What is required
Nothing but the lines from the one with "Only six multinationals" through the end of the records may appear in the answer, each reproduced exactly, pictures omitted.

** Data supplied follows **

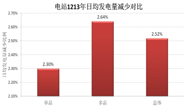 电站衰减实例:上图为宁夏中卫地区同一电站2013年单晶与多晶发电量与2012年发电量衰减情况如右图所示,注:因2012年与2013年实际太阳福照度可能存在差异,故衰减绝对值误差较大,仅具有参考意义,而单晶多晶相对值则体现相同条件下的实际差异(约有0.34%的差异)
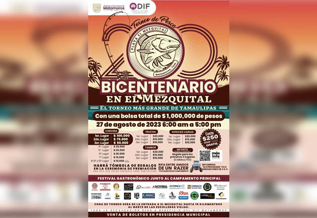 El Gobierno de Matamoros a través de la Secretaría de Fomento Económico y Turismo tiene todo listo para realizar el Torneo de Pesca Bicentenario que se efectuará en El Mezquital el próximo doming
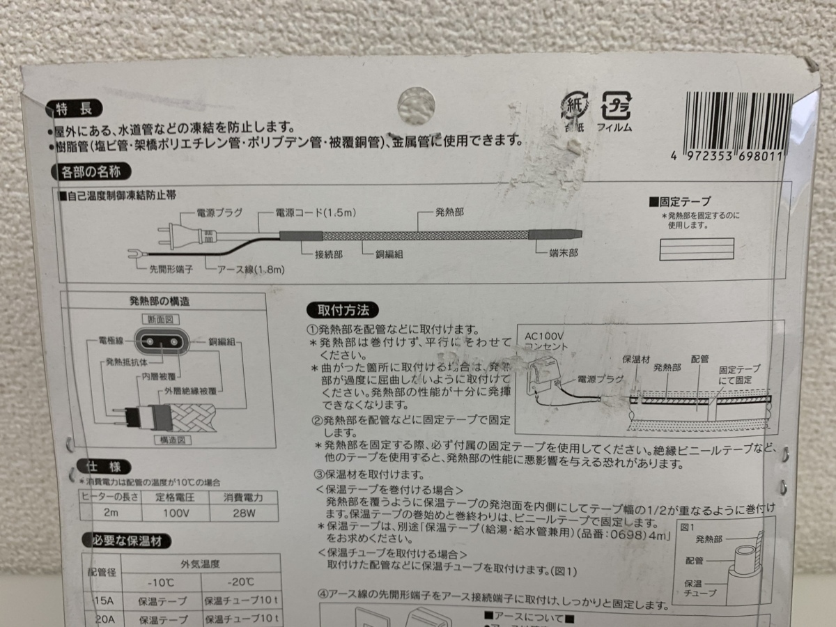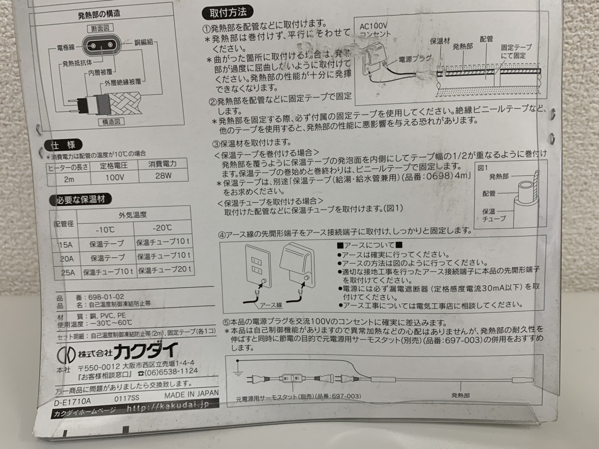 ☆未使用保管品☆ KAKUDAI カクダイ 自己温度制御凍結防止帯 品番698-01-02 2メートル 水道管凍結防止/樹脂管・金属管用/寒冷地用
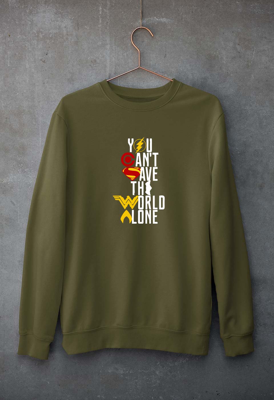 You Can't Save The World Alone Justice League Unisex Sweatshirt for Men/Women-Olive Green-Ektarfa.online
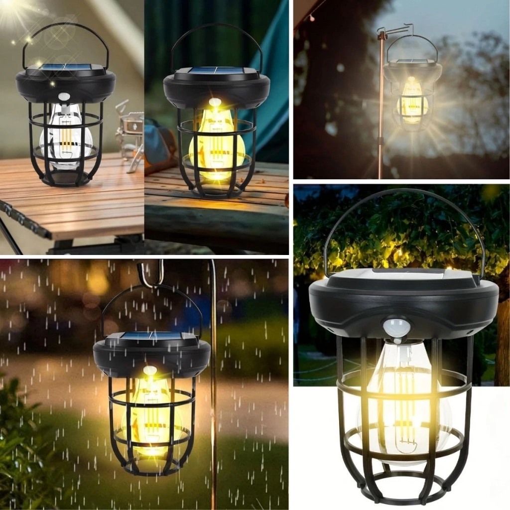 Solar Kamp Feneri – Güneş Enerjili, Otomatik Şarj ve Gece Işığı, Taşınabilir ve Asılabilir LED Dış Mekan a
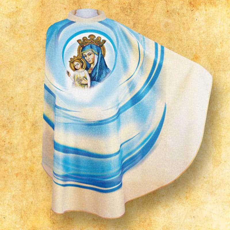 The image of the Virgin Mary was created using the photographic sublimation method, which guarantees the highest print quality, realistic colors, and durability for years to come.photographic sublimation, which guarantees the highest print quality, realistic colors, and durability for years to come.<br data-start="756" data-end="759" This technique ensures color depth and detailed reproduction, giving the chasuble an extremely dignified appearance. The chasuble includes a matching inner stole made of the same fabric. The chasuble is lined with white satin.gt;a matching inner stole made of the same fabric.
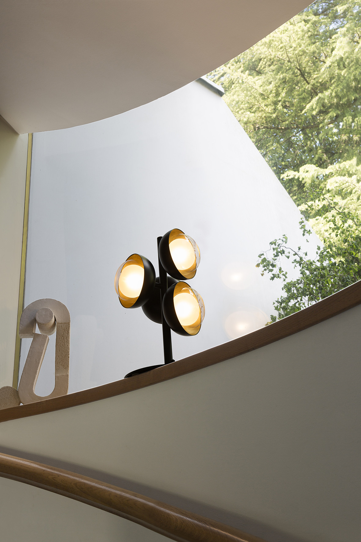 Collection of neo-vintage metal lamps with a double-sided diffuser in borosilicate glass. The metal domes (one internal and the other one external) have the internal side with different colors or finishing: they can be painted or finished in polished brass and bright copper, thus to create different textural combinations. The collection presents hanging lamps, floor lamp, table lamp, wall and ceiling. The hanging and wall lamp version are provided with a further G9 source located in the lower part of the lamp.
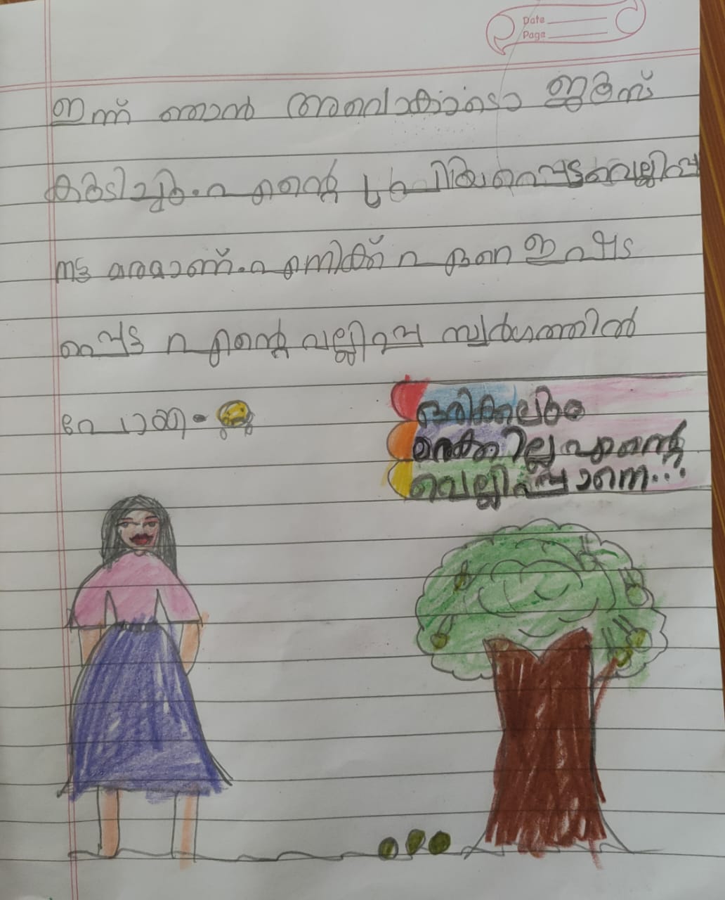 ഒന്നാം ക്ലാസ്സിലെ കുഞ്ഞെഴുത്ത്
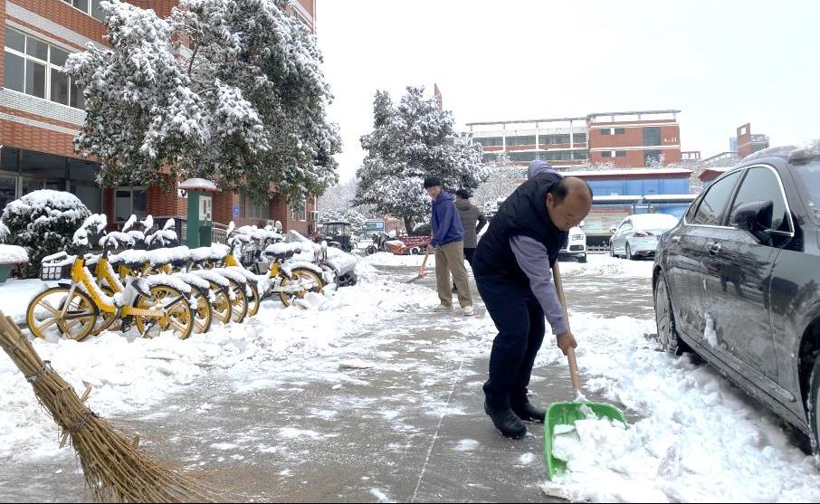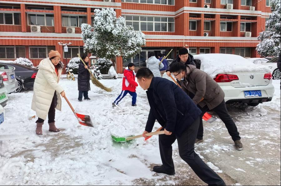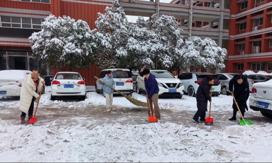 1月16日早上,tyc234cc太阳成集团分工会组织扫雪除冰工作,快速高效清除教学楼周边积雪,确保校园道路和教学区域的安全通行。
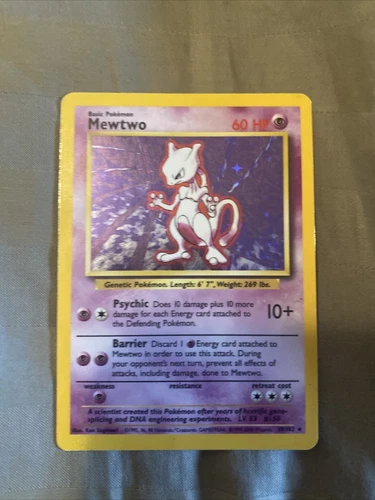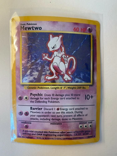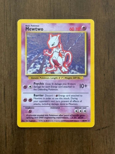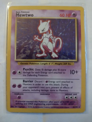 Pokémon Mewtwo Holographic Rare BaseSet Unlimited TCG 10/102 M.P. Condition
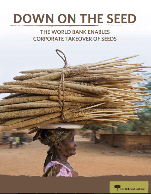 Only six multinationals currently control over two-thirds of the industrial seed sales, and pending agro-industry mergers stand to further consolidate this oligopoly. Further market expansion for these corporations depends on the shrinking of farmer-managed seed systems, which currently provide 80 to 90 percent of the seed supply in developing countries through on-farm seed saving and farmer-to-farmer seed exchange. Down On the Seed, the World Bank Enables Corporate Takeover of Seeds, exposes that while the World Bank claims to promote “smart and balanced policies,” its Enabling the Business of Agriculture index blatantly ignores farmer-managed seed systems. Instead, it reinforces the stranglehold of agrochemical companies and Western nations by pushing for intellectual property rights in agriculture, so that private breeders profiteer from the use of their seeds by farmers. -# Read the full report in english (19 p.) and the summary in french (4 p.) :
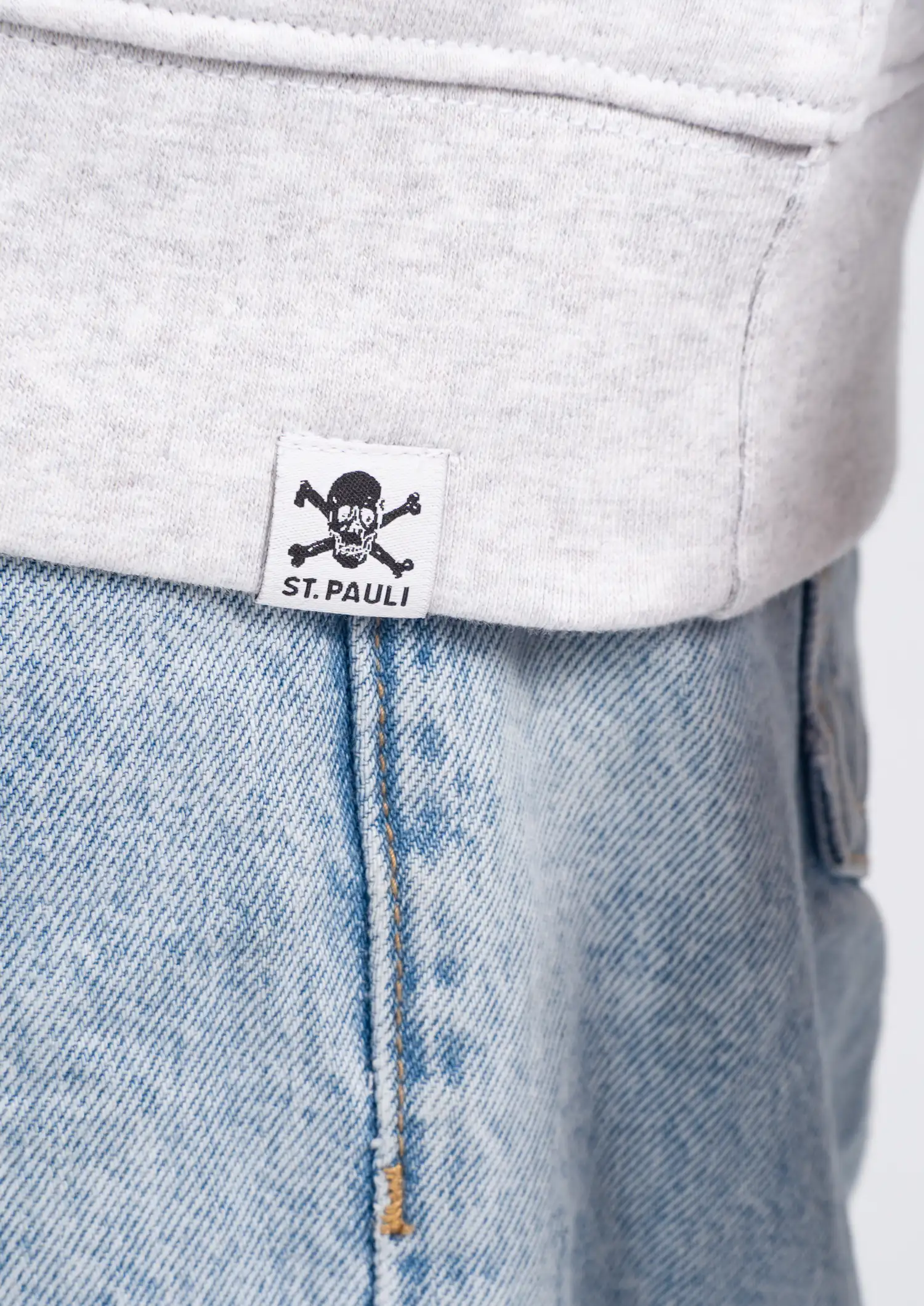 Straight aus dem Viertel und clean im Look: Der FC St. Pauli Sweater „St. Pauli Pure“ in Hellgrau überzeugt durch Understatement und Haltung. Mit dezentem ST. PAULI Stick auf der Brust und aus 100 % Biobaumwolle gefertigt, ist er der ideale Begleiter für alle, die klare Kante zeigen – ganz ohne laute Logos. Für den Alltag, fürs Stadion, für echte Kiezkicker.

** End of Data supplied **

Reply
 Only six multinationals currently control over two-thirds of the industrial seed sales, and pending agro-industry mergers stand to further consolidate this oligopoly. Further market expansion for these corporations depends on the shrinking of farmer-managed seed systems, which currently provide 80 to 90 percent of the seed supply in developing countries through on-farm seed saving and farmer-to-farmer seed exchange. Down On the Seed, the World Bank Enables Corporate Takeover of Seeds, exposes that while the World Bank claims to promote “smart and balanced policies,” its Enabling the Business of Agriculture index blatantly ignores farmer-managed seed systems. Instead, it reinforces the stranglehold of agrochemical companies and Western nations by pushing for intellectual property rights in agriculture, so that private breeders profiteer from the use of their seeds by farmers. -# Read the full report in english (19 p.) and the summary in french (4 p.) :
 Straight aus dem Viertel und clean im Look: Der FC St. Pauli Sweater „St. Pauli Pure“ in Hellgrau überzeugt durch Understatement und Haltung. Mit dezentem ST. PAULI Stick auf der Brust und aus 100 % Biobaumwolle gefertigt, ist er der ideale Begleiter für alle, die klare Kante zeigen – ganz ohne laute Logos. Für den Alltag, fürs Stadion, für echte Kiezkicker.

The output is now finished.